Minneapolis Officer Mark Ringgenberg (2015–2017)
Involved in the fatal shooting of Jamar Clark, Ringgenberg had a history of excessive force complaints and civil suits. These records were not disclosed to prosecutors in unrelated cases where he later testified. The failure sparked litigation over whether his testimony was legally impeachable.
These cases show that Minnesota’s lack of a formal Giglio infrastructure has led to repeated due process violations. Officers with known credibility issues continued to testify, undetected, because prosecutors were not informed—or not required to disclose—their disciplinary histories. Defendants have been left to uncover impeachment material through FOIA requests, civil litigation, or sheer happenstance. While recent reforms have opened disciplinary data incrementally, the system remains reactive, decentralized, and dependent on individual initiative rather than institutional design.

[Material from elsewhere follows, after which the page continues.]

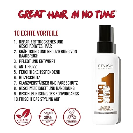 Sản phẩm UniqOne Hair Treatment Coconut 150 ml Spray Treatment for More Volume, Smoothness & Easier Combing, Hair Care without Rinse, Spray Helps Prevent Split Ends. đang được bán với giá ưu đãi là $10.9109 tại nước Đức.

No Statewide Giglio List: There is no public or internal mechanism to track officers with sustained credibility-impairing misconduct.
Lack of Notification Between Agencies: POST, law enforcement, and prosecutors do not coordinate on reporting findings relevant to Giglio.
Inconsistent Disclosure Practices: Some counties maintain lists or policies, others do not. Defense attorneys receive inconsistent treatment across jurisdictions.
Public Records Limitations: The Data Practices Act shields many internal affairs records until final discipline is imposed, delaying or blocking defense access.
Efforts to mandate disclosure reforms have faced pushback from law enforcement unions and prosecutorial associations, who argue that such changes infringe on due process protections for officers. The state’s decentralized prosecution model—without oversight from the Attorney General—also makes uniform reform difficult without legislative intervention.
Create a Statewide Giglio Database
Require all County Attorneys and police departments to contribute to a shared system tracking officers with sustained misconduct findings related to truthfulness, bias, or use of force.
Mandate Interagency Notification
Amend POST regulations to require that any sustained finding involving dishonesty, perjury, or rights violations be immediately reported to all relevant prosecutors.
Amend Rule 9.01
Clarify that impeachment material must be disclosed automatically—without defense request—and include internal disciplinary records affecting credibility.
Standardize Prosecutorial Policy Statewide
Enact legislation requiring every county to adopt written Giglio compliance policies and share them with defense counsel as a matter of routine.
Amend the Data Practices Act for Officer Misconduct Transparency
Allow for broader, faster disclosure of sustained findings relevant to courtroom testimony—even before final discipline.
Establish a Prosecutorial Oversight Board
Create a nonpartisan entity empowered to audit Brady/Giglio compliance, investigate complaints, and make referrals to licensing and discipline agencies.
Create a Public-Facing Misconduct Registry
Build a redacted database that allows defense attorneys, journalists, and the public to verify whether a testifying officer has a history of misconduct.
Judicial Oversight of Testifying Officers
Require pretrial hearings to determine whether officers with known credibility impairments may testify, and under what limitations.
Minnesota, for all its public commitments to justice reform, has yet to institutionalize the most basic mechanisms of prosecutorial candor. As long as the state permits truth in the courtroom to rest on fragmented discretion rather than systemic enforcement, it will remain vulnerable to the very injustices it has pledged to prevent. Brady and Giglio are not theoretical obligations—they are enforceable rights. Minnesota must ensure that its courts reflect this reality by embedding truth-telling into every tier of its justice system.